- [WORK TASK]:
From the first line to the last, retype the records exactly without their images.

=== TASK DATA ===

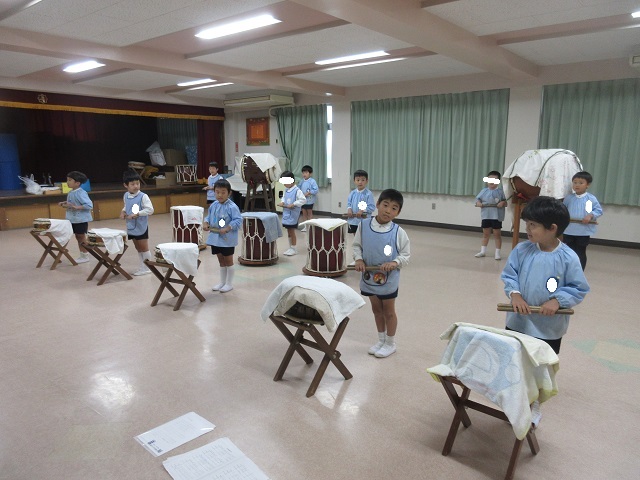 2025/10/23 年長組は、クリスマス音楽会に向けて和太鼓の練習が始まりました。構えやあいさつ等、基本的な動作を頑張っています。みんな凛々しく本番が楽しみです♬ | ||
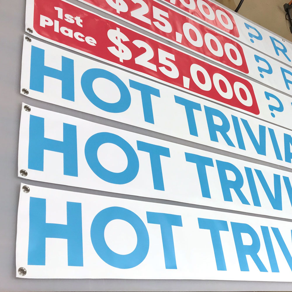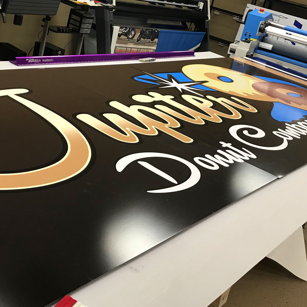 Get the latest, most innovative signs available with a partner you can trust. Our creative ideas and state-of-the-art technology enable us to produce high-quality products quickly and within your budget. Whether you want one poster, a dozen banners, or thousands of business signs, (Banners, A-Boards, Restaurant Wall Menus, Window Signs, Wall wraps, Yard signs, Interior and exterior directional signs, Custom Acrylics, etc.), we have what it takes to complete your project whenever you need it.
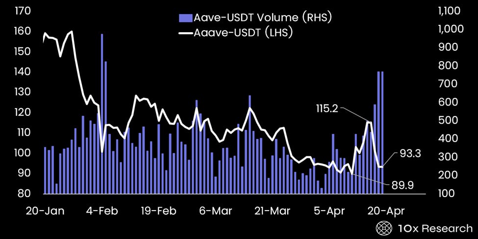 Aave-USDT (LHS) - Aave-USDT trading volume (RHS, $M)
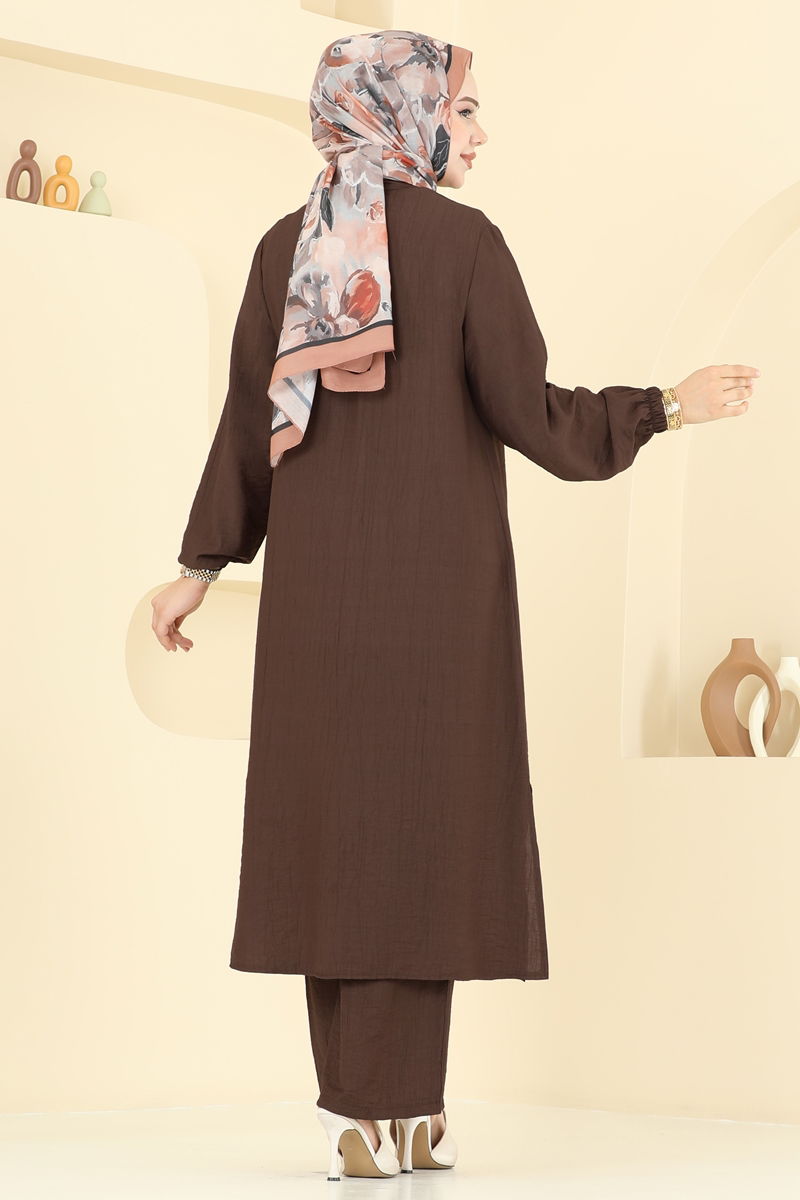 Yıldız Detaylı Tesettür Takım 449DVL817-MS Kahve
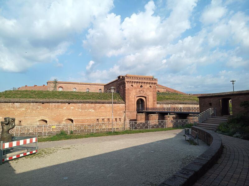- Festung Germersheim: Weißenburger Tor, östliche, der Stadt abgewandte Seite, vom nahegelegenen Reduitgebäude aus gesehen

===

- [ANSWER BOX]:
 2025/10/23 年長組は、クリスマス音楽会に向けて和太鼓の練習が始まりました。構えやあいさつ等、基本的な動作を頑張っています。みんな凛々しく本番が楽しみです♬ | ||
 Get the latest, most innovative signs available with a partner you can trust. Our creative ideas and state-of-the-art technology enable us to produce high-quality products quickly and within your budget. Whether you want one poster, a dozen banners, or thousands of business signs, (Banners, A-Boards, Restaurant Wall Menus, Window Signs, Wall wraps, Yard signs, Interior and exterior directional signs, Custom Acrylics, etc.), we have what it takes to complete your project whenever you need it.
 Aave-USDT (LHS) - Aave-USDT trading volume (RHS, $M)
 Yıldız Detaylı Tesettür Takım 449DVL817-MS Kahve
- Festung Germersheim: Weißenburger Tor, östliche, der Stadt abgewandte Seite, vom nahegelegenen Reduitgebäude aus gesehen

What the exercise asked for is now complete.